Resource management in Kubernetes: from copy-paste to automation

Guest:

Yasmin Rajabi

A practical discussion on managing Kubernetes resource optimization and the challenges of balancing cost efficiency with reliability.

In this interview, Yasmin Rajabi, COO and Head of Product at StormForge, discusses:

How the default 60% HPA target utilization stems from Kubernetes documentation examples, leading to systematic waste across clusters, and why increasing it is a safe first optimization step.
The resource management challenge in large clusters, where copied configurations and arbitrary safety buffers compound into significant waste, particularly when managing thousands of workloads.
Why automated resource management with machine learning helps bridge the gap between platform teams focusing on cost optimization and developers prioritizing reliability.

Relevant links

Transcription

Bart: So, tell me about who you are, your role, and where you work.

Yasmin: My name is Yasmin. I am the COO and Head of Product at StormForge. I've been at StormForge for a handful of years now. Prior to that, I was at Puppet for a while. I've been in the infrastructure automation space for most of my career and now I'm doing it in Kubernetes.
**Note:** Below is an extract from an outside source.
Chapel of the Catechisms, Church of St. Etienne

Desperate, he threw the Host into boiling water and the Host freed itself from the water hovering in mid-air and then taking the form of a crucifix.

It's been a lot of fun.

Bart: We want to take a closer look at some of the topics that come up in our podcast. One of the topics is overprovisioning. Our guest, Alexander, wrote an article about overprovisioning. What strategies have you found to be effective in controlling overprovisioning in large Kubernetes customers?
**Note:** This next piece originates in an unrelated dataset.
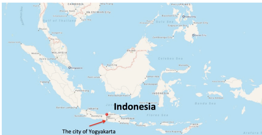
Figure 1. The location of Yogyakarta on Indonesia map. (Google Maps, 2019)

The city of Yogyakarta is located in the southern area of Central Java (see Figure 1). The currently reigning Sultan administrates the province as a governor. The province is comprised of four regencies (Bantul, Gunungkidul, Sleman, and Kulon Progo) and one municipality (Yogyakarta). The municipality, as the setting of this study, corresponds to the past embryo and the current urban area of the province.

Yasmin: One of the pieces in that article I really agreed with was that increasing your HPA (Horizontal Pod Autoscaler) target utilization as a general rule is a good first step. What I see is that a lot of people use something like 60% for their target utilization. That's literally telling Kubernetes to waste 40% of your CPU requests and limits. Do you actually know why most people set it to 60?

Bart: The transcript was autogenerated from an audio file.

Yasmin: Where is it? That's because the example in the Kubernetes docs uses that value. Everywhere I go, people have set their target utilization to 60%. I'll ask them and rarely do people have a good answer for why they did it. They'll say, "It's in the docs," or "Honestly, it was set for other workloads, so that's what we set it to." For people who haven't embarked on any type of optimization and have low cluster utilization, raising the target utilization is low-hanging fruit. Most of the time, people are pretty generous with their CPU requests and limits, and it's an easy way to optimize by increasing that target utilization. This will increase your CPU utilization pretty easily and safely, as you have set those generous limits, allowing you to burst above your request as needed.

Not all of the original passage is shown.